Tuesday 2 April 2013

Introduce winter break says Harrogate Railway boss Billy Miller

By James Grayson (Twitter: @jamesAgrayson)
Harrogate Railway manager Billy Miller (pictured right) has an alternative solution to extending the Evo Stik Northern League season for future years – introduce a winter break.
Former Liversedge boss Miller, who took over at Station View last summer, had five years in Germany and experienced a winter break over there and believes that it works.
His main argument is that pitches should be allowed to recover from the winter weather and claims it will keep the standard of football at a high level.
“I think the league themselves have got such a difficult job, but I think having played in Germany where they have a mid-winter break, I am a big fan of that,” he said.
“I think what it does is gives the pitches time to recover so it means that come March, April, May time, you are playing on really good playing surfaces instead of trying to slog it out on surfaces that are not perhaps the best.
“I think it has a knock effect for the top teams. We look back on playing Skem and Trafford, two phenomenal footballing sides, earlier in the season and what you’re asking them to do now is slog it out.
“But I do feel for the people that organise leagues because I wouldn’t want to do it. I wouldn’t like to sort the fixture mess out. So if they deem that there needs to be an extension then there needs to be.
“I feel they had to do something because of the mess we are in. We’re not too bad because we’re probably not going to have to play Saturday-Tuesday-Thursday and we’re in a good position where we’re relatively safe. It’s a case for us of keeping momentum and trying to get to the 50 point barrier. For the teams who are still in it (at the top and bottom), you have to feel sorry for them.”
In this week’s Non League Paper, play-offs chasing Curzon Ashton manager John Flanagan claimed the extension was unfair on clubs that had worked hard to get their games played over the winter months.
But Miller said: “I sympathise with him and the clubs where 100 volunteers have come to clear the pitch, but not everyone has got that resource,” he said.

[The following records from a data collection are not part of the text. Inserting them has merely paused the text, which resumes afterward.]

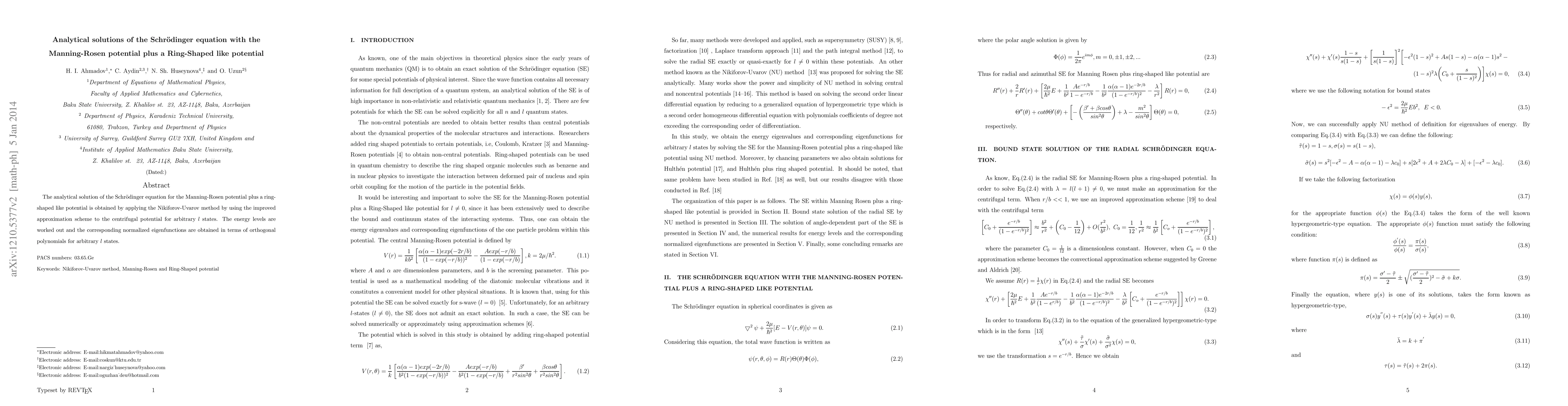 The paper presents analytical solutions for the Schrödinger equation combining the Manning-Rosen and ring-shaped potentials using the Nikiforov-Uvarov method, yielding energy levels and normalized eigenfunctions expressed in orthogonal polynomials for arbitrary $l$ states.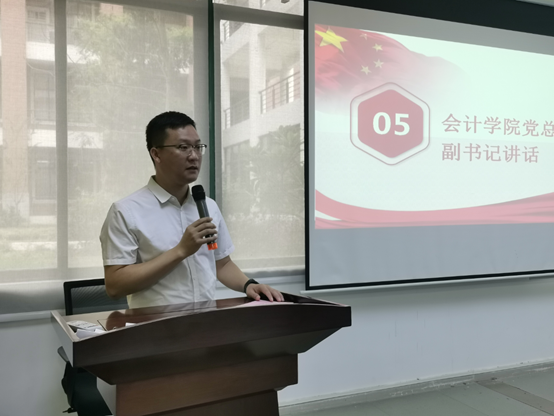 beat365在线体育官网登录入口党总支副书记陈洋广就进一步开展党史学习教育提出具体意见。他认为开展党史学习教育是党的政治生活中的一件大事,要统筹谋划,狠抓落实,打牢每位党员明理、增信、崇德、力行的思想基础。从“统一思想,提高认识,做政治坚定的表率”、“加强领导,精心组织,做带头学习的表率”和“立足岗位,提高本领,做担当实干的表率”三个方面严格要求自己,牢记初心使命,树立担当意识,创新工作模式,在立德树人教育中展现更大担当、更大作为,充分发挥党员先锋模范作用。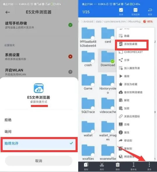 这里就再给大家介绍一下,首先需要打开 ES 文件管理器的桌面快捷方式权限,然后找到需要建立快捷方式的文件夹,长按后选择更多—添加到桌面。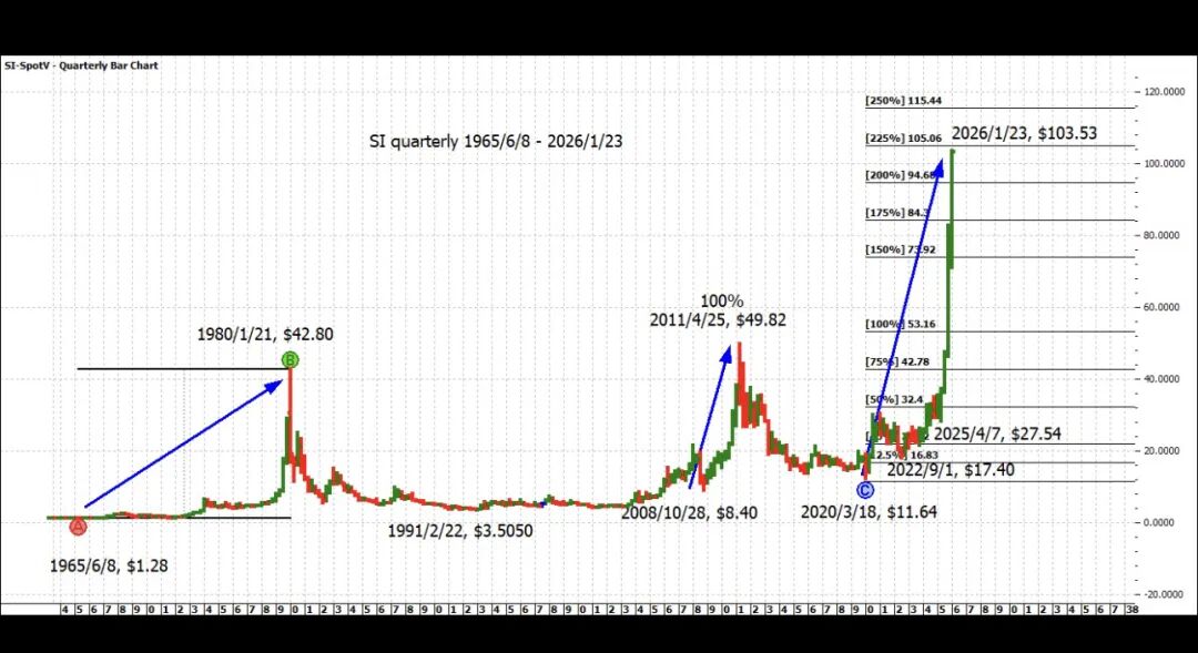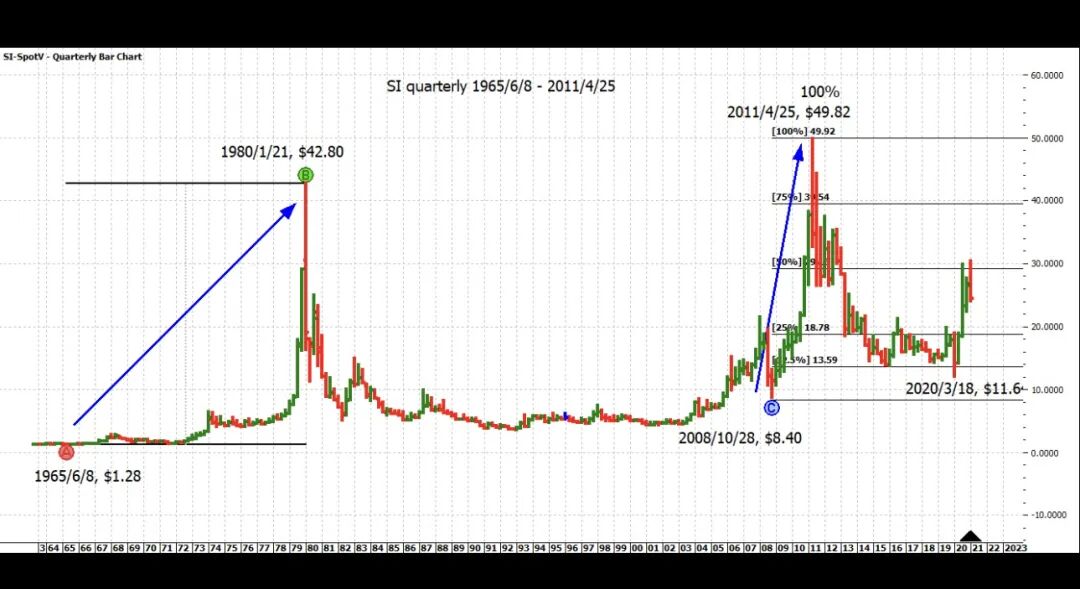 1.白银季线图的三浪上升。

“The saving grace for us is the slope, we haven’t had too many games called off. We have had too games called off because the snow has been on it. If we had cleared it, we would have had nowhere to put the snow. You have to look at the big picture and maybe they will sit down and review it at the end of the year.”
Two arguments for next season include starting the season earlier or playing more mid-week games. Miller is more concerned with January and February.

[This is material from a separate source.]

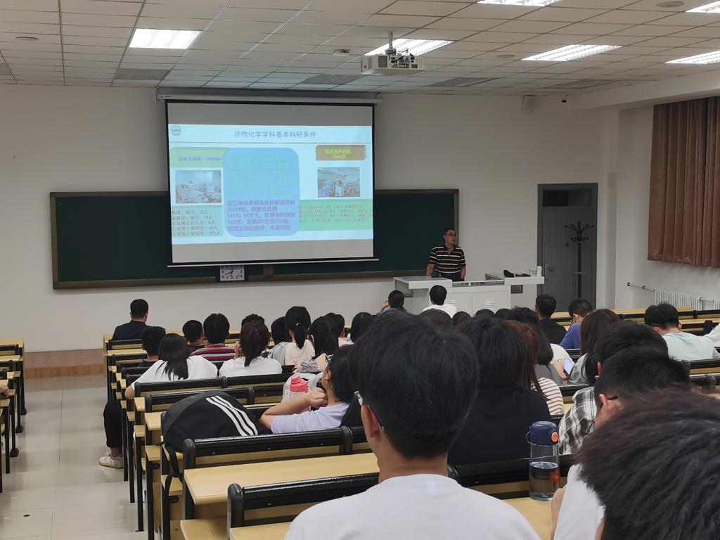 制药工程专业负责人赵临襄、药物化学专业负责人郭春、应用化学专业负责人胡春分别面向三个专业的新生,结合各专业特点,从专业发展状况、教学成果、杰出校友、人才培养目标、专业课程体系、师资队伍建设、科研条件、招生情况与就业前景等多个维度深入解读了各专业的建设成果、人才培养模式和研究的现实意义,并着重强调了学院以生为本的教育教学理念。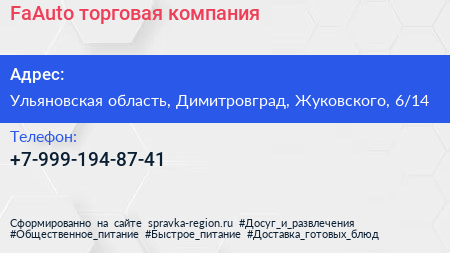 FaAuto, торговая компания по адресу Ульяновская область, Димитровград, Жуковского, 6/14 в дальнейшем Организация, размещена в следующих категориях:

“It’s not so much about when you start, it is about the January-February window,” he said.
“I’ve been on the other end of it doing us a massive favour when I took over at Liversedge, two or three years ago when they were bottom of the league. We went into the Christmas period with some really difficult games and I didn’t quite have the squad in place. We had nine weeks called off and I was able to build a squad and I got them out of trouble.
“I have been on the flipside where it has worked really well when I have had games called off. But other sides when they have had momentum going into that period have then become inconsistent.”
Miller also questioned the number of matches that took place on Boxing Day and in the first two months of the year. He added: “For me January and February are the problems that need dealing with, not so much when the season starts or when it finishes.
“Realistically it will be interesting to know out of how many games that were due to take place in January and February actually did.
“It is alright saying it is tradition to play at that time of year, but that’s great if you have got millions of pounds of under-soil heating. I think this season’s Boxing Day game was the first time in five years that a team I have been involved in have played on Boxing Day.
“We played at Goole and if we had been at our place on Boxing Day, it wouldn’t have been on.”